If this story sounds familiar, there’s a new spot for knock-offs dedicated just to you, starting this Sunday night.

“Ring Ring is a hospitality-only industry event, a new type of hospitality night,” Petar Belosevic, co-owner of The Propaganda Club, says.

“What we’re actually doing with Propaganda every Sunday is we create a unique space. So no other patronage, general public, will have the same experience as this hospitality night. We’re actually repurposing the venue specifically every Sunday”.

Those in the industry will call or text the Ring Ring number to RSVP their party, and the door will be opened specifically for them. To the outside world, Propaganda will seem to be closed.

“Sundays will say that we’re still closed, and it was very much a targeted approach to create a different brand for this Sunday night, to break down any misconceptions about what Propaganda really is,” Petar says.

“We’ve gone around physically to different venues and handed out flyers and spoken with management. We’ve gone to about 170 venues in the last week, handing them out, and the whole approach is that it’s industry for industry.

“We’re serving food from open ‘til close, that’s one of the big things, number two is the effort and intent that we put into our drink curation, specifically our back bar of spirits – we’ve got over 200 spirits, our range of cocktails, our range of wine.
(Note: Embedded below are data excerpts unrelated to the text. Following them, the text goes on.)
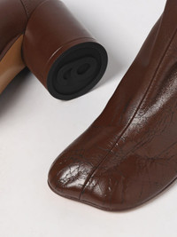DESCRIPTION - Style: Contemporary - Logo: Back, Embroidered, Maison Margiela White Stitch - Lining: With imprinted logo - Closure: Side closure with zip - Shaft: Low - Sole: Leather - Toe: Asymmetric, Round - General: Usured effect - Model: Effetto usurato - Heel: Tacco cilindrico medio - Materials: Aged leather, Nappa leather - Pattern: Bicolor DETAILS AND CARE Composition 100% calf leather SIZE AND FIT Sizes Heel: 7,5 cm Designer code: S66WU0131P7439 HB099 Giglio Code: H41754 Designer: Mm6 Maison Margiela Collection: Mm6 Maison Margiela Woman Category: Shoes Mm6 Maison Margiela
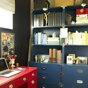 Have you seen a more dramatic home office than this? I haven't. The moody walls, dark furnishings, and the over-the-top oversized (two!!) hanging lights.... draaamaaaa! This might not be a very practical home office but it do really sets the mood... it might not just be for working. Haha
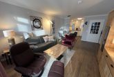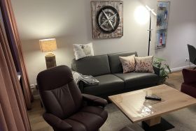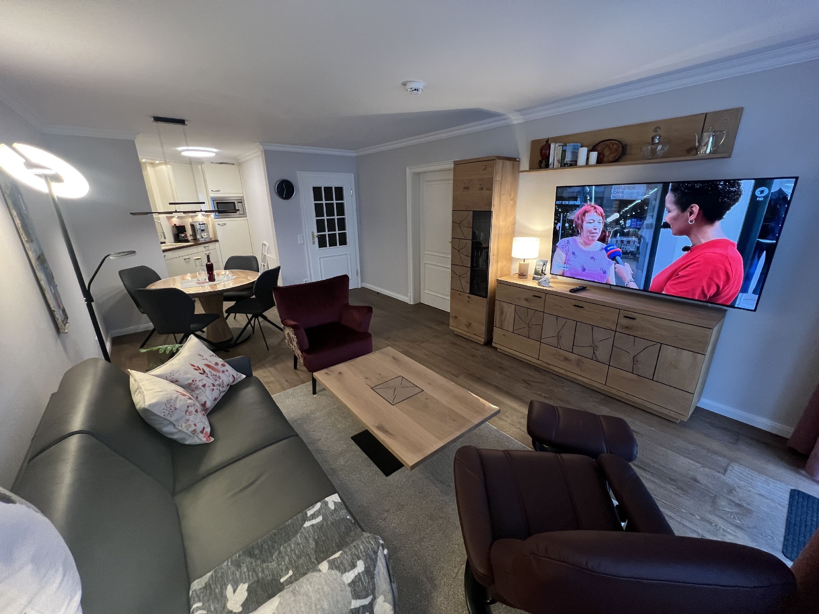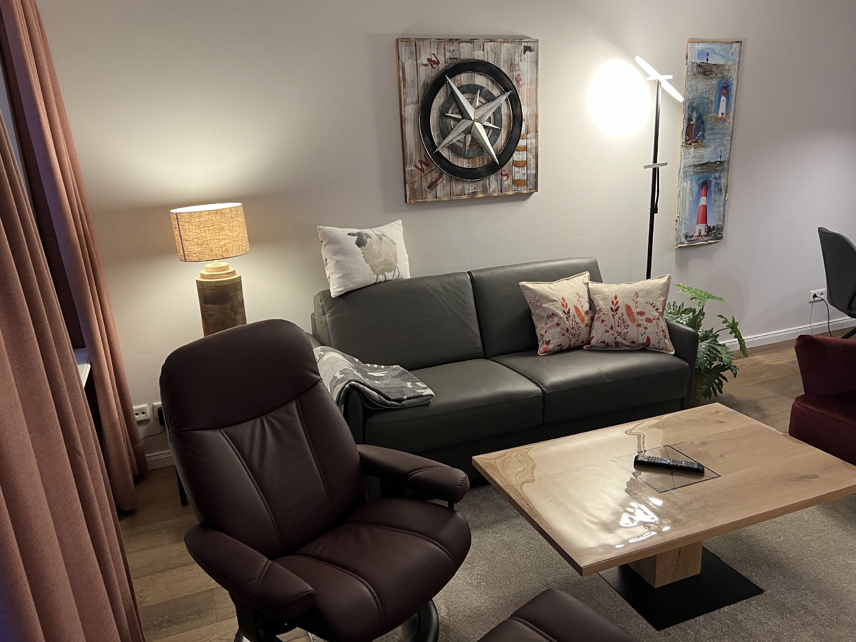 Der Wohnbereich wirkt einladend und ist mit viel Liebe zum Detail ausgestattet. Sie finden dort eine gemütliche 2-er Ledercouch, die auch hervorragend als Schlafcouch für eine 3. Person geeignet ist, und zur Entspannung einen komfortablen Stressless-Sessel. Zum bequemen Fernsehen erwartet Sie ein 65“ Smart-TV.

“We actually have an exemption for glassware, so people can drink from glassware all night, which is a huge thing for hospitality, they don’t want to be served drinks in plastic.
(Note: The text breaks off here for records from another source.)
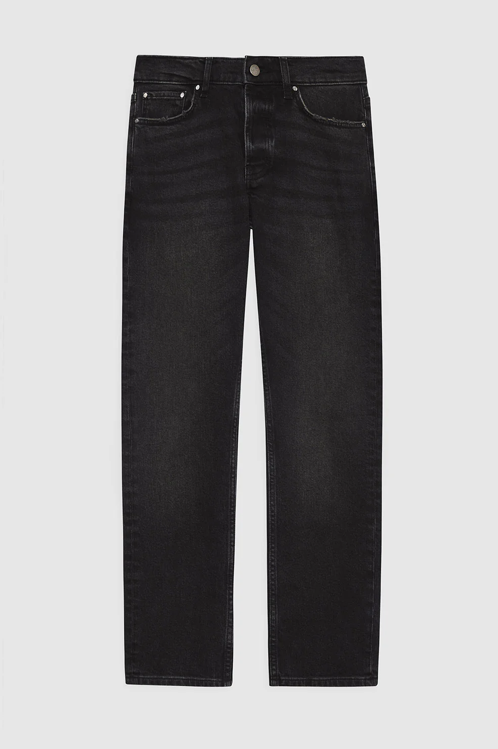 The Nix Jean is constructed from a midweight comfort-stretch denim in an iron black wash with vintage-inspired whiskering, abrasions, grinding at the pockets, and highs and lows throughout. Its relaxed skinny silhouette features a button-fly closure with gunmetal hardware and an ankle-length inseam.
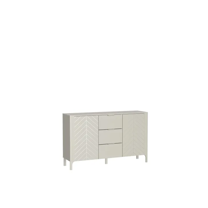 Gefertigt aus hochwertiger laminierter Platte, überzeugt die Kommode durch ihre Widerstandsfähigkeit und Langlebigkeit. Die Fronten mit einem eleganten Fischgrätenmuster verleihen dem Möbelstück ein besonderes Flair. Sie ist in zwei stilvollen Farbvarianten erhältlich – Schwarz Paintflow und Kaschmir – für ein warmes und einladendes Ambiente.
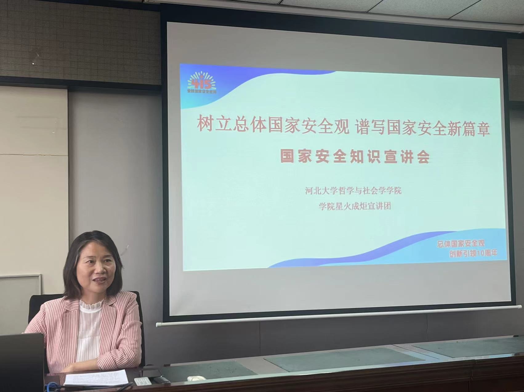 2024年4月14日下午,哲学与社会学院在B1六楼学术报告厅举办“树立总体国家安全观 谱写新时代国家安全新篇章”宣讲会。学院党委书记张露红、副书记王昭,学院学生宣讲团成员,师生代表60余人参加了本次活动。活动由专职辅导员尹清华主持。
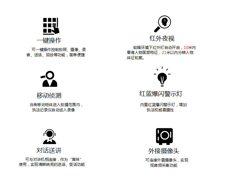 yl23411永利 yl23411DSJ-200F 执法仪(法院/政府/城管)拍摄像素高达5000万,广角镜头137,拍摄画面精细而全面,大容量电池支持陆续在工作12小时不断电
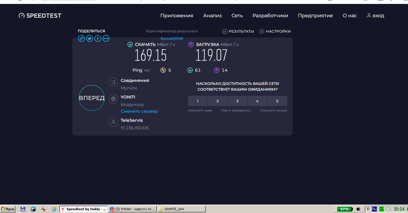 Добавлено спустя 2 минуты 43 секунды:Скорость по спидтест в момент падения скорости до ваших серверов до YONITI Владимир и
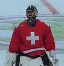 Reto Berra (born 3 January 1987) is a Swiss professional ice hockey goaltender who is currently playing for HC Fribourg-Gottéron of the National League (NL). Berra played seven seasons in Switzerland's National League A, spending time with the GCK Lions, HC Davos and SCL Tigers before joining EHC Biel in 2009 where he was the team's starting goaltender for four years. He was an NHL draft pick of the St. Louis Blues, selected in the fourth round of the 2006 NHL Entry Draft and was traded to the Calgary Flames, with whom he made his NHL debut in 2013–14. Internationally, Berra has played with the Swiss National Team on several occasions; he has appeared in two World Championships. At the 2013 tournament, he shared goaltending duties with Martin Gerber and helped lead Switzerland to a silver medal, the nation's first medal in 60 years.

“[And] we’re licensed until 6am, which, for hospitality workers, small bars shut at two, by the time they finish cleaning they can get in before lock out, and they know they’ve still got two or three hours up their sleeves to wind down.”

As part of the weekly hospo love-in, there will be monthly guest appearances from other venues, starting with Pink Moon Saloon. Ring Ring will be hosting the Pink Moon Colony: The Chosen Ones after-party on 11 June.

“There’ll be some Pink Moon DJs involved, looking at a bit of bar integration as well, and a few special guests scattered around the place,” Petar says.

“It really came through Josh Baker, because obviously we’ve been neighbours through Zhivago and Coffee Branch for a long time.

“I’ve been engaging with industry and letting him know what we’re doing, and that whole collaborative approach we want to take, and yeah, they were super keen. It fits with them. It makes sense that the more people that are open and the more thriving the community is on that Sunday, the more it fits our model as well.”

Petar hopes Ring Ring will help to foster the burgeoning hospitality community here in Adelaide.

“It’s about truly being collaborative in the sense of we’re not afraid to utilise our venue to showcase other venues,” Petar says.

“The venue that’s coming to us can actually showcase their products in a different way that they might not have been able to. And it’s about feeding back into this model that we’re saying we’re actually all supporting each other, let’s truly create a community.”

For the non-hospitality workers among us, there is hope for inclusion, so long as you have someone to recommend you.

“There’ll be some leeway there, and that person will get treated as if they’re part of the same crew,” Petar says.

“It’s about a party, it’s about people celebrating the end of their working week and really enjoying themselves in a comfortable premise that they know they’re not being judged for.”